*Task objective*: Give the entries again exactly, without pictures.

Extracted records:
<<<<

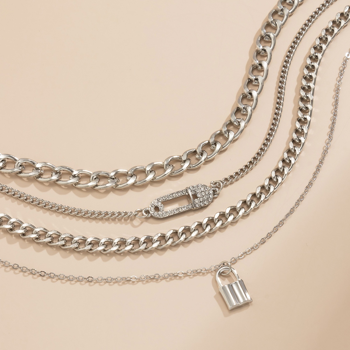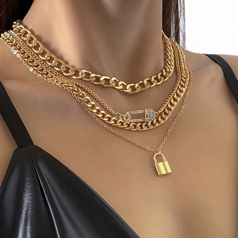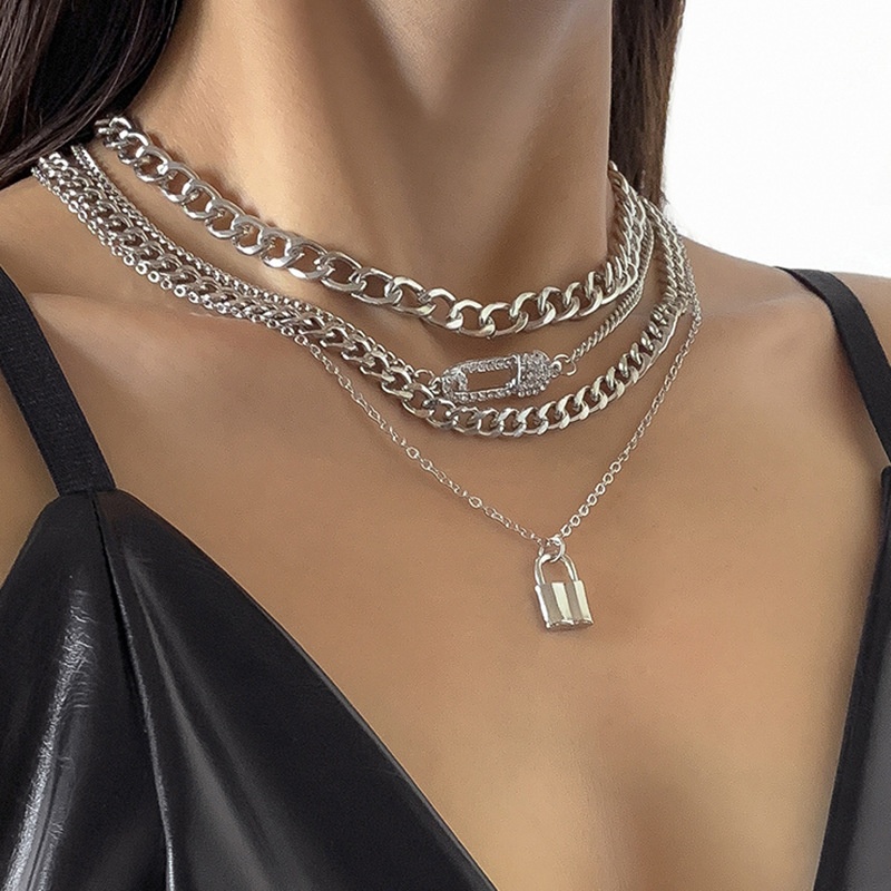 European And American Jewelry Hip-hop Diamond Pin Lock Necklace Female Simple Metal Chain Clavicle Necklace
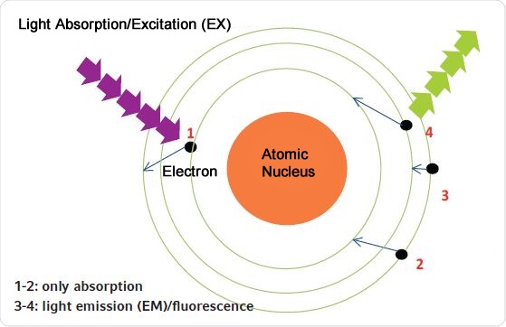 Figure 2. Principle of absorption and fluorescence measurements. 1. By light absorption, the electron is elevated to a higher energy level (absorbance measurement); 2. The electron returns to its original energy level; 3. The electron does not return directly to its original energy state; it moves to an intermediate level; 4. The electron jumps from the intermediate level to its original level (releasing fluorescent light).
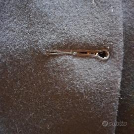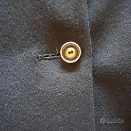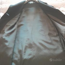 Cappotto nero sartoriale degli anni '60. Allacciatura a tre bottoni, che sono stati sostitui rispetto agli originali molto più grandi. Per tale motivo le asole sono state parzialmente ridotte, come da foto, ma che possono essere ripristinate.
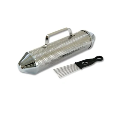 Superb metallic sound Metal shaker and guiro combined Comb style scraper included Quality percussion instrument Easy to play
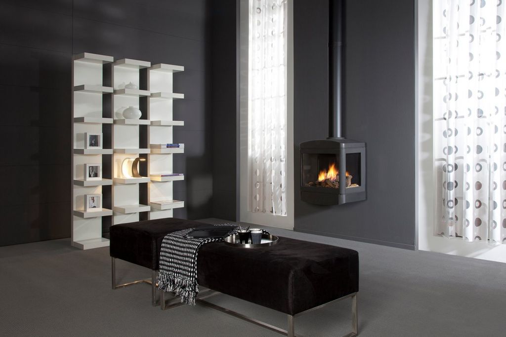 Skive est un poêle suspendu à trois faces indépendant et d’allure moderne en fonte noire. Il allie sobriété, robustesse et solidité.
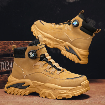 秋冬高帮皮面马丁靴厚底增高旋转纽扣免系带工装户外运动靴男靴
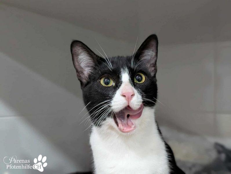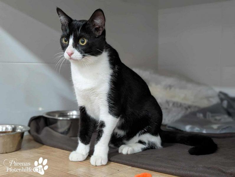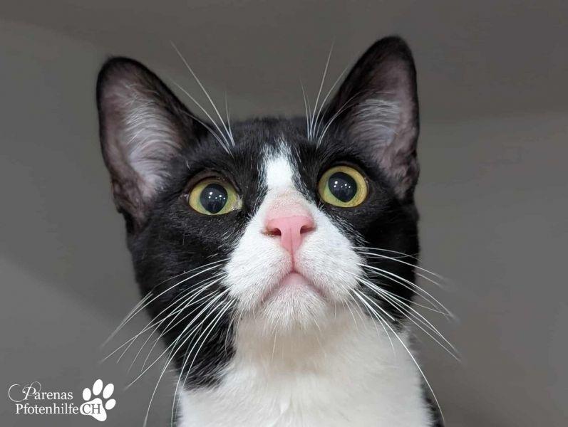 Krypton, der schwarz-weiße Kater mit der hübschen Gesichtszeichnung, ist in jeder Hinsicht ein Traum. Mit seiner ruhigen und verschmusten, aber gleichzeitig verspielten und neugierigen Art ist der zutrauliche Stubentiger eine Bereicherung für jedes Zuhause. Ideal wäre er in einer Familie mit Kindern aufgehoben - denn dieses Leben war er gewohnt, bis sich bei den Vorbesitzern leider eine Allergie entwickelte.
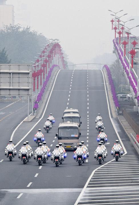 2024年9月29日,中華人民共和國國家勛章和國家榮譽稱號頒授儀式在北京人民大會堂隆重舉行。這是國家勛章和國家榮譽稱號獲得者集體乘坐禮賓車,由國賓護衛隊護衛前往人民大會堂。新華社記者 高潔 攝
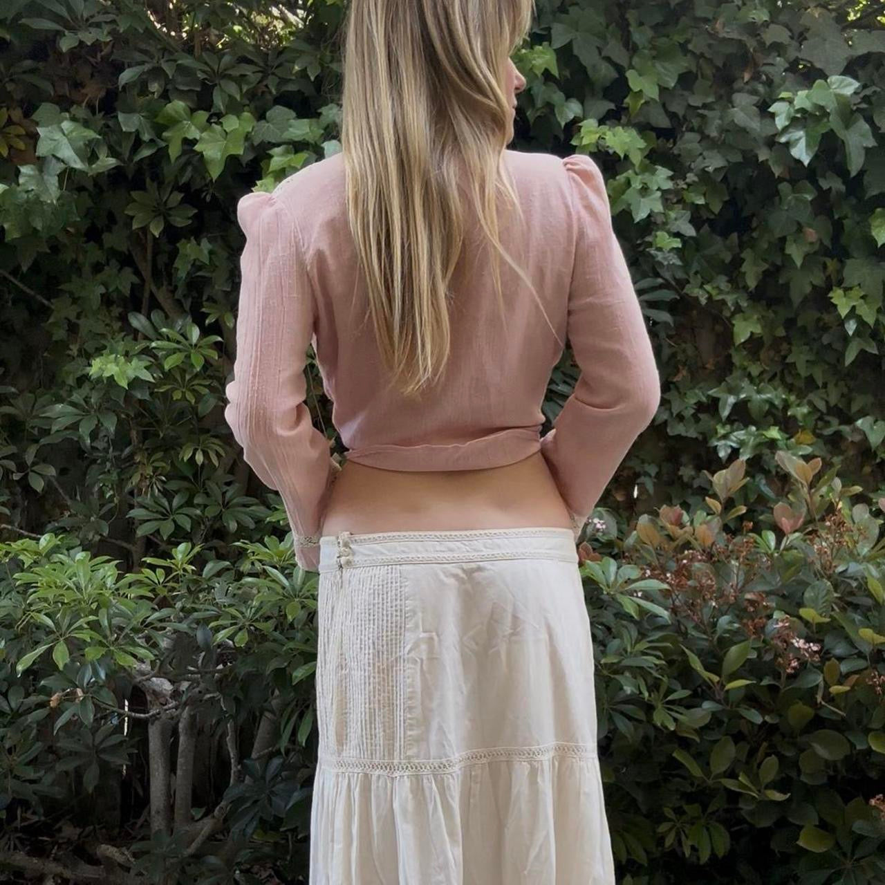 Vintage pink lace cropped tie-front top. So dainty and cute!! Best fit for a size extra small-small.
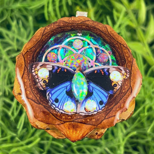 Our handmade pendants are crafted from sustainably wild-gathered Knobcone Pinecones. Every Aura Pinecone is carefully dried, aged, and cross-sectioned before being meticulously designed.
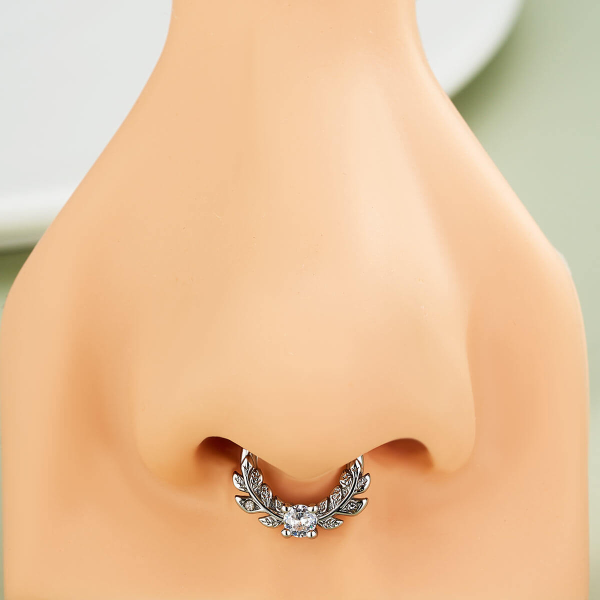 This leave septum ring combines elegance and sophistication. Its intricate leaf design is adorned with sparkling clear cubic zirconia (CZ) stones. Perfect for septum or daith piercings, it adds a refined touch to everyday outfits and special occasions, making it a versatile and timeless accessory.
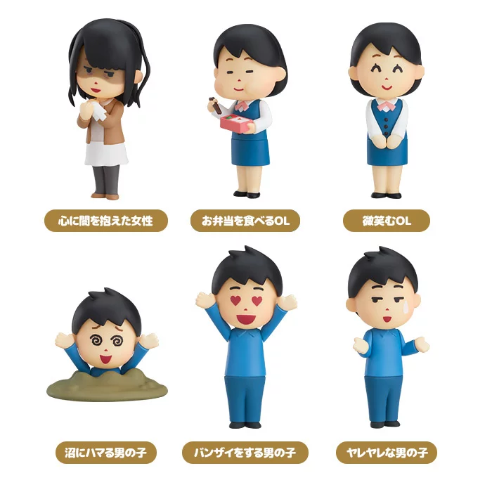 The cute “irasutoya” free illustrations have been transformed into figures keeping their iconic appearance as faithfully as possible! The line-up includes: Woman with Darkness in Her Heart, Office Lady Eating Bento, Smiling Office Lady, Man Stuck in Mud, Man with Hands Raised and Sighing Man for a total of six to collect! Be sure to collect them all!
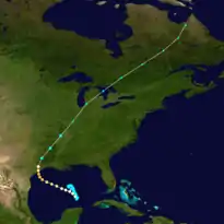 - Atlantic hurricane research division (2009). «Atlantic hurricane database (HURDAT) "best track" (1851–2008)» (em inglês). National Oceanic and Atmospheric Administrations. Consultado em 30 de julho de 2010[b]
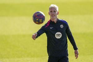 巴萨全队昨日恢复训练后,今天继续为甘伯杯做最后准备。今天球队安排了体能与有球结合的训练,所有可以登场的巴萨球员悉数参加。奥尔莫因身体轻微超负荷,单独进行了训练。
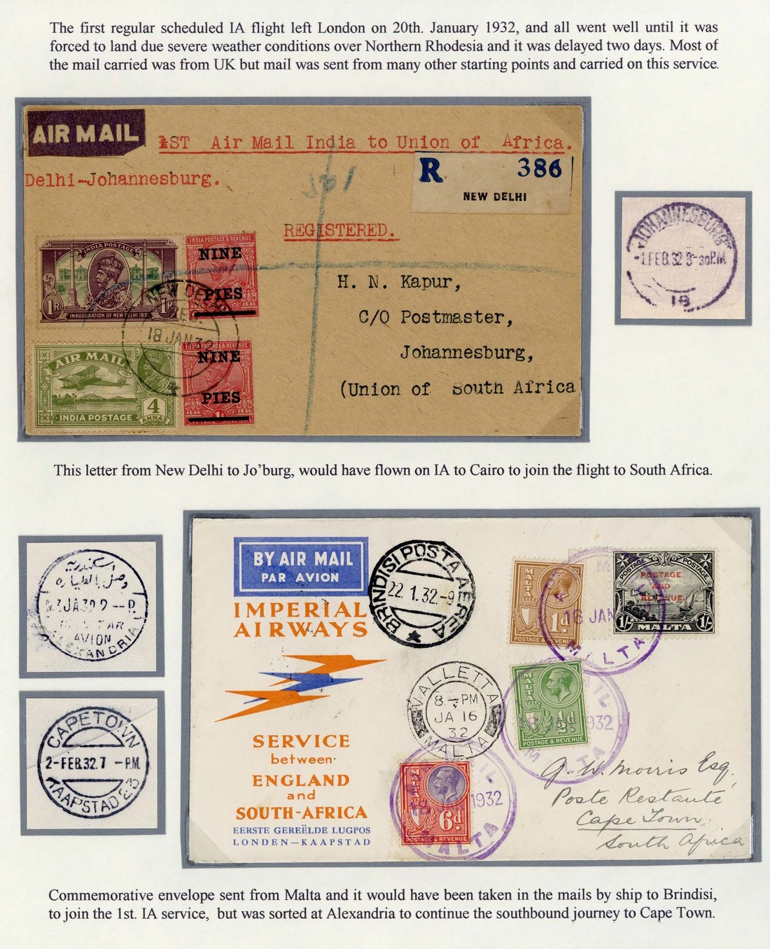 1932 (Jan.) first regular service from London to Cape Town by Imperial Airways, two souvenir envelopes from London to Cape Town and Durban, each franked 1/-, also envelopes or cards from New Delhi to Johannesburg (registered), Valletta, Dodoma, Mbeya, Mpika to Cape Town and Lusaka to Pretoria, good to fine
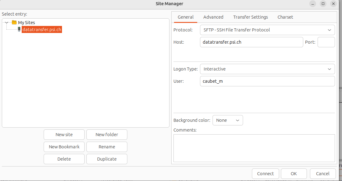 One can simply use the FileZilla to transfer data from/to outside PSI. It's important to setup MFA for the connection. To do this, one has to go to the menu File -> Site Manager and create a new endpoint (new site), as follows:
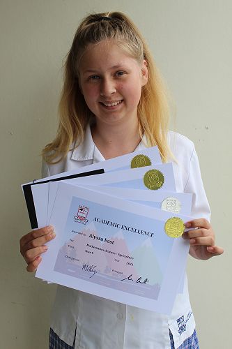 - Isabella Eginton Abbott - Academic Excellence Technology - Food and Nutrition; English; Academic Merit Science; Social Studies; Cultural Excellence School Production; Service Excellence- House Leader Tui; Year 9 & 10 Whyte Cup; Citizenship Award; Bob Norrish Year 9/10 Attitude to Learning

>>>>

*Result below*:
 European And American Jewelry Hip-hop Diamond Pin Lock Necklace Female Simple Metal Chain Clavicle Necklace
 Figure 2. Principle of absorption and fluorescence measurements. 1. By light absorption, the electron is elevated to a higher energy level (absorbance measurement); 2. The electron returns to its original energy level; 3. The electron does not return directly to its original energy state; it moves to an intermediate level; 4. The electron jumps from the intermediate level to its original level (releasing fluorescent light).
 Cappotto nero sartoriale degli anni '60. Allacciatura a tre bottoni, che sono stati sostitui rispetto agli originali molto più grandi. Per tale motivo le asole sono state parzialmente ridotte, come da foto, ma che possono essere ripristinate.
 Superb metallic sound Metal shaker and guiro combined Comb style scraper included Quality percussion instrument Easy to play
 Skive est un poêle suspendu à trois faces indépendant et d’allure moderne en fonte noire. Il allie sobriété, robustesse et solidité.
 秋冬高帮皮面马丁靴厚底增高旋转纽扣免系带工装户外运动靴男靴
 Krypton, der schwarz-weiße Kater mit der hübschen Gesichtszeichnung, ist in jeder Hinsicht ein Traum. Mit seiner ruhigen und verschmusten, aber gleichzeitig verspielten und neugierigen Art ist der zutrauliche Stubentiger eine Bereicherung für jedes Zuhause. Ideal wäre er in einer Familie mit Kindern aufgehoben - denn dieses Leben war er gewohnt, bis sich bei den Vorbesitzern leider eine Allergie entwickelte.
 2024年9月29日,中華人民共和國國家勛章和國家榮譽稱號頒授儀式在北京人民大會堂隆重舉行。這是國家勛章和國家榮譽稱號獲得者集體乘坐禮賓車,由國賓護衛隊護衛前往人民大會堂。新華社記者 高潔 攝
 Vintage pink lace cropped tie-front top. So dainty and cute!! Best fit for a size extra small-small.
 Our handmade pendants are crafted from sustainably wild-gathered Knobcone Pinecones. Every Aura Pinecone is carefully dried, aged, and cross-sectioned before being meticulously designed.
 This leave septum ring combines elegance and sophistication. Its intricate leaf design is adorned with sparkling clear cubic zirconia (CZ) stones. Perfect for septum or daith piercings, it adds a refined touch to everyday outfits and special occasions, making it a versatile and timeless accessory.
 The cute “irasutoya” free illustrations have been transformed into figures keeping their iconic appearance as faithfully as possible! The line-up includes: Woman with Darkness in Her Heart, Office Lady Eating Bento, Smiling Office Lady, Man Stuck in Mud, Man with Hands Raised and Sighing Man for a total of six to collect! Be sure to collect them all!
 - Atlantic hurricane research division (2009). «Atlantic hurricane database (HURDAT) "best track" (1851–2008)» (em inglês). National Oceanic and Atmospheric Administrations. Consultado em 30 de julho de 2010[b]
 巴萨全队昨日恢复训练后,今天继续为甘伯杯做最后准备。今天球队安排了体能与有球结合的训练,所有可以登场的巴萨球员悉数参加。奥尔莫因身体轻微超负荷,单独进行了训练。
 1932 (Jan.) first regular service from London to Cape Town by Imperial Airways, two souvenir envelopes from London to Cape Town and Durban, each franked 1/-, also envelopes or cards from New Delhi to Johannesburg (registered), Valletta, Dodoma, Mbeya, Mpika to Cape Town and Lusaka to Pretoria, good to fine
 One can simply use the FileZilla to transfer data from/to outside PSI. It's important to setup MFA for the connection. To do this, one has to go to the menu File -> Site Manager and create a new endpoint (new site), as follows:
 - Isabella Eginton Abbott - Academic Excellence Technology - Food and Nutrition; English; Academic Merit Science; Social Studies; Cultural Excellence School Production; Service Excellence- House Leader Tui; Year 9 & 10 Whyte Cup; Citizenship Award; Bob Norrish Year 9/10 Attitude to Learning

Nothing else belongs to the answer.